### TASK BRIEF
The required output is the line with "Documento de formato" plus all lines that follow it to the end of the listing below, written out exactly, with no pictures.

*** MATERIAL PROVIDED ***

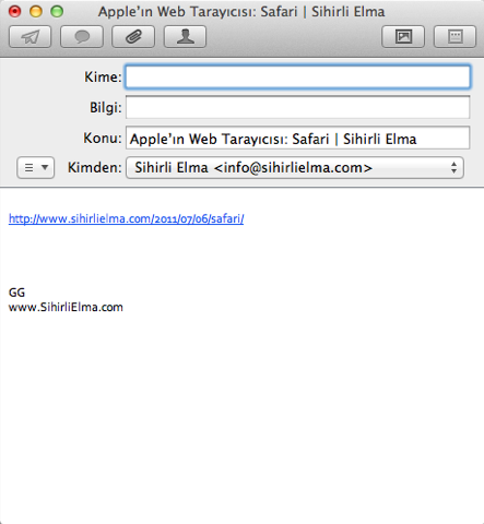 Gönderebiliyoruz elbette. Hem de Safari’nin muhteşem bir özelliği sayesinde: Okuyucu. Lion öncesinde Safari’yi ilk defa tanıtırken bahsettiğim Okuyucu (Reader) özelliği sayesinde sayfadaki içeriği çok daha sade ve şık bir şekilde arkadaşlarımıza e-posta olarak gönderebiliyoruz.
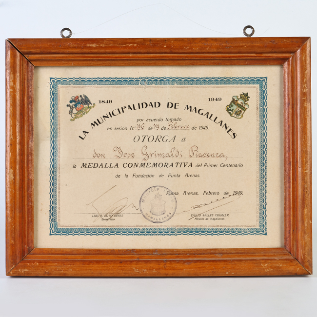 Documento de formato rectangular, de orientación vertical. En el se observan textos regulares en imprenta. Al centro se encuentra el texto, esta rodeado márgenes decorados en tono azul. Esta enmarcado, en marco de madera.
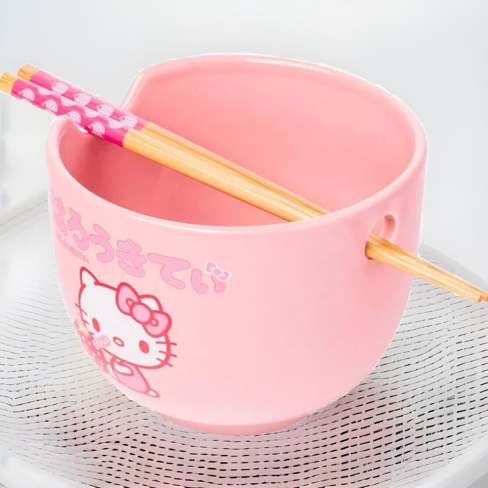 🔥Silver Buffalo Hello Kitty Strawberry Milk Ceramic Ramen Bowl with Chopsticks
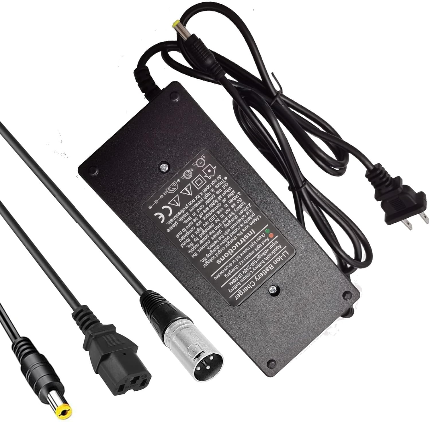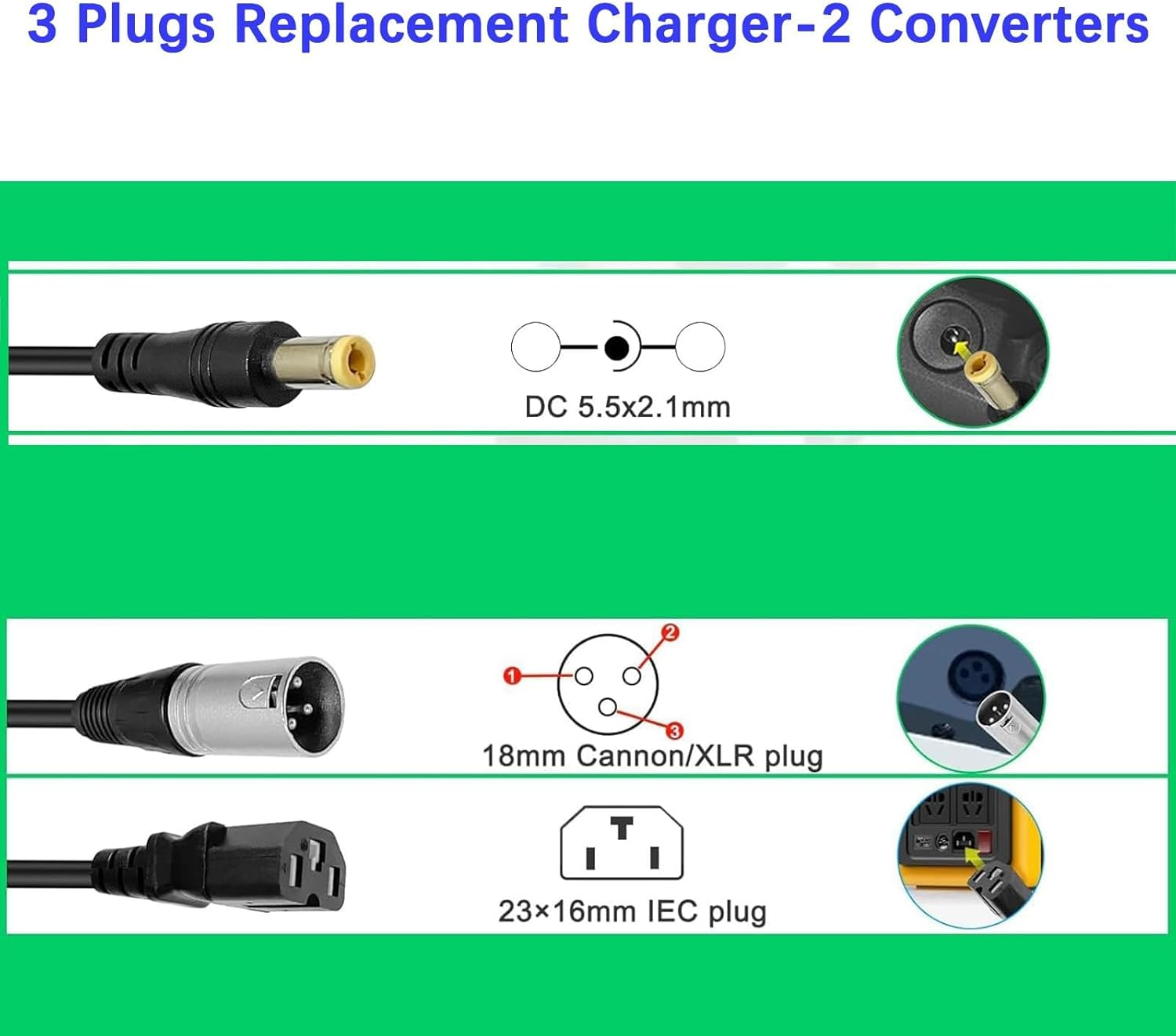 - Suitable for 72V Lithium Scooters Using for 3 Adapter: 5.5×2.1mm 1 prong DC plug(integrated with charger) / XLR or Cannon /IEC plug

*** End of MATERIAL PROVIDED ***

### EXERCISE ANSWER
 Documento de formato rectangular, de orientación vertical. En el se observan textos regulares en imprenta. Al centro se encuentra el texto, esta rodeado márgenes decorados en tono azul. Esta enmarcado, en marco de madera.
 🔥Silver Buffalo Hello Kitty Strawberry Milk Ceramic Ramen Bowl with Chopsticks
 - Suitable for 72V Lithium Scooters Using for 3 Adapter: 5.5×2.1mm 1 prong DC plug(integrated with charger) / XLR or Cannon /IEC plug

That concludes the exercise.